No Surprises Act Compliance for Dermatology Practices: 2026 Guide
The No Surprises Act (NSA) took effect January 1, 2022. Most dermatology practices are aware that they need to provide Good Faith Estimates to certain patients — but four years in, there are still widespread compliance gaps in derm offices across the country. The most common: practices that aren't sure exactly who qualifies, exactly when the GFE must be delivered, or exactly what language must appear on it.
This guide answers those questions directly, updated for 2026 CMS guidance. It covers who triggers the GFE requirement, the timing rules, the mandatory content elements, the $400 dispute threshold mechanics, and the five most common compliance gaps we see in dermatology practices today.
Who Needs a GFE?
The NSA GFE requirement applies to uninsured and self-pay patients who are scheduled for services. It does not apply to patients whose insurance is being billed for that service.

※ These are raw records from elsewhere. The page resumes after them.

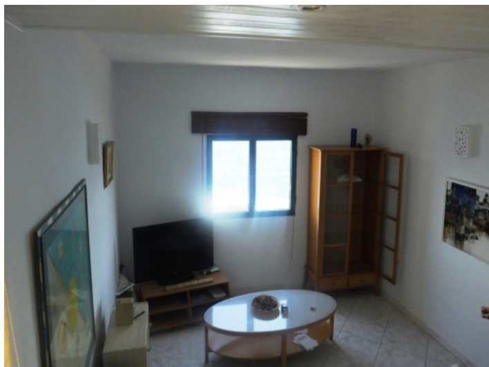
Apartment 1 Livingroom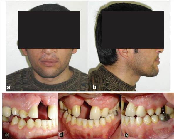
Figure 4. Post-treatment extra oral (a-b) and intra oral (c-e) photographs of the patient.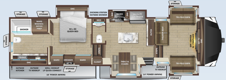
373RBS OPTION C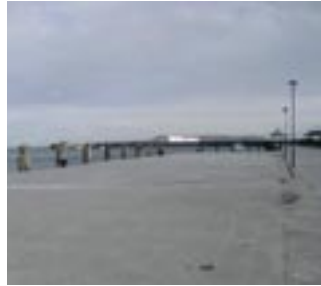
Detail of ground surface.

Berth No.1, originally built to berth ships, was provided with a new, high performance surface. The Berth is constructed in three sections - the two, outer dolphins have been surfaced with the same concrete mix as the main Pier structure and the central, infill panel has been resurfaced in a special, more flexible variant of the main Pier concrete mix, due to the limited depth available arising from the structural form of this section of the Berth.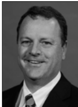
TIM HORTON RUNNING BACKS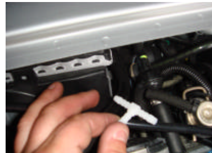
Fix "T" to Vacuum Hose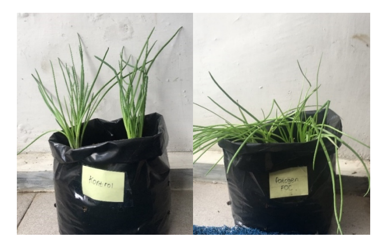
Figure 1. Result pathogenicity test, (left): control, (right): Foc inoculation

The results of Foc inoculation showed the same symptoms as fusarium wilt disease. The treatment of Foc pathogens caused the plants to become twisted, collapsed, and wilted. While the control treatment did not cause disease symptoms (Figure 1). This is in accordance with the statement of Wiyatiningsih et al., (2009), reported that common symptoms of the disease are twisted leaves, the color of the leaves is pale green, but does not wither. When diseased plants are removed, the tubers appear smaller, fewer than healthy ones.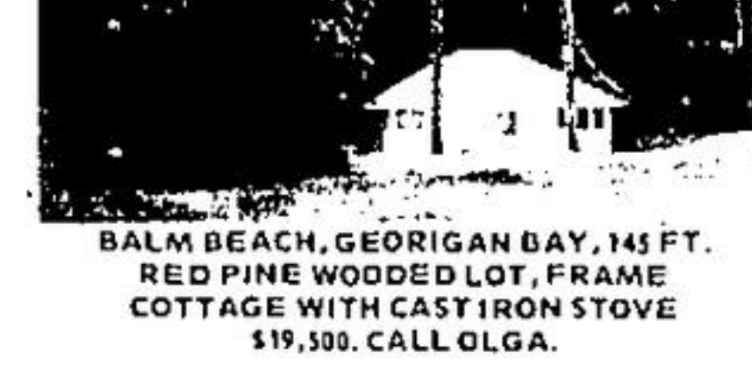
BALM BEACH, GEORIGAN BAY, 145 FT. RED PINE WOODED LOT, FRAME COTTAGE WITH CAST IRON STOVE $19,500. CALL OLGA.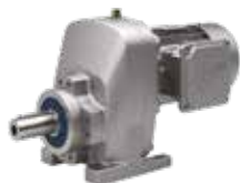
Footed housing with B14 flange and integral motor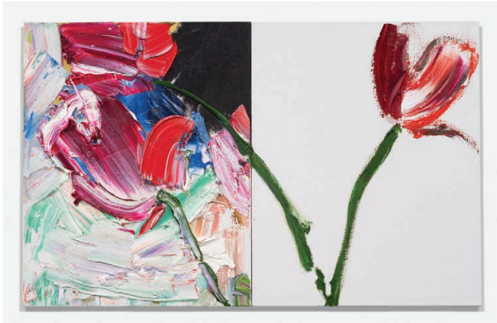
“Flower Diptych” 20 x 32 inches, Oil on Linen, 2022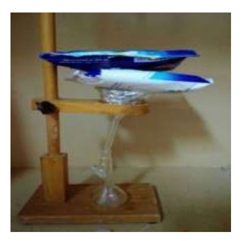
Fig. 1. cold shock setup

Nandhitha Madhusudhan et al [20] reported that the best method for isolation of coelomic fluid shows greater recovery by cold shock when compared to other methods such as heat shock method and electric shock method. When the earthworms were subjected to cold shock method, the essential proteins as well as enzymes were not prone to denaturation as in heat shock and electric shock, which may be the reason for the higher cell density observed.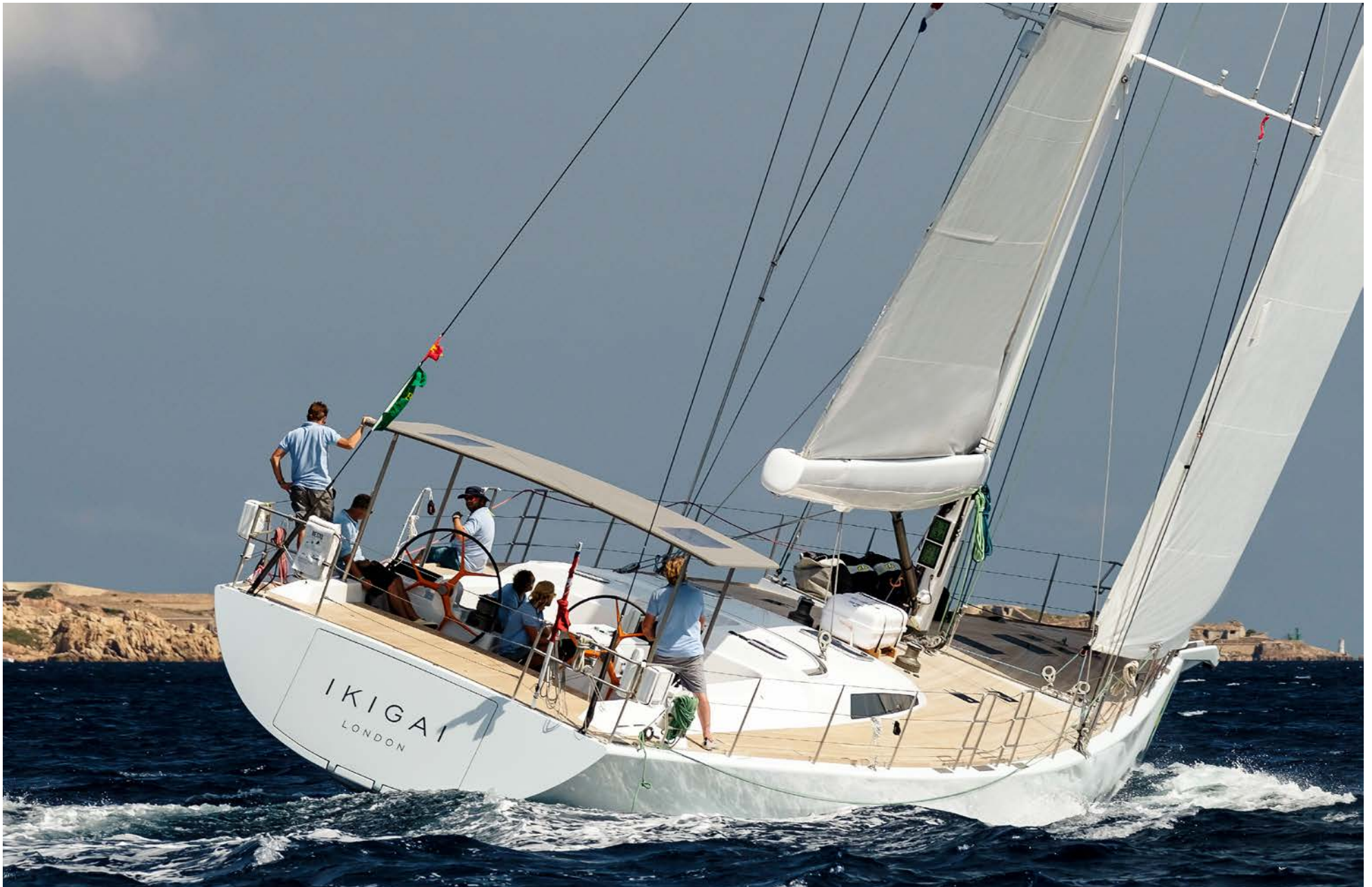
82ft JFA "IKIGAI"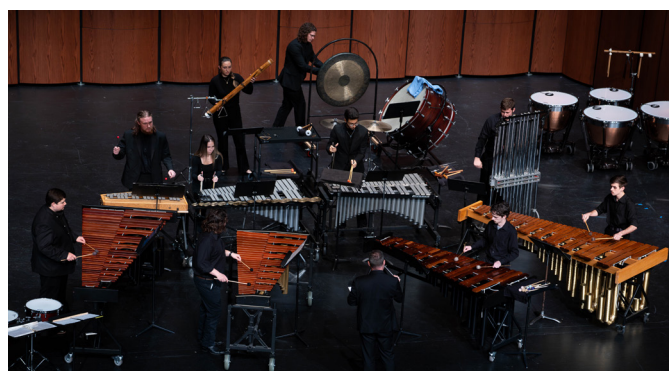
ECU Percussion Ensemble inside Ataloo Theatre

Uninsured patients scheduled for any service expected to cost $400 or more.
Patients with insurance who choose not to use their insurance for the scheduled service (e.g., opting to pay cash for a non-covered or elective service).
Cash-pay cosmetic patients (Botox, fillers, laser, etc.) if the expected cost is $400 or more.
Patients whose insurance is being billed for the service. (Some states extend GFE rules to insured patients — check your state law.)
The $400 threshold is an aggregate for the scheduled visit — not per procedure. If a patient is coming in for a full skin exam plus a spot treatment, and the combined expected cost exceeds $400, the GFE is required even if no single procedure exceeds $400 on its own.
Timing: When must the GFE be delivered?
| Scheduling Lead Time | GFE Must Be Provided Within |
|---|---|
| 10 or more business days before the service | 3 business days of scheduling |
| 3–9 business days before the service | 1 business day of scheduling |
| Fewer than 3 business days before the service (including same-day) | Must still be provided before the service is rendered |
| Patient requests a GFE without scheduling | 3 business days of request |
For most dermatology practices, the standard new-patient and follow-up scheduling cadence falls in the "10+ business days" bucket — meaning the GFE must be generated and delivered within 3 business days of booking. This should be a standard step in your scheduling workflow, not an afterthought.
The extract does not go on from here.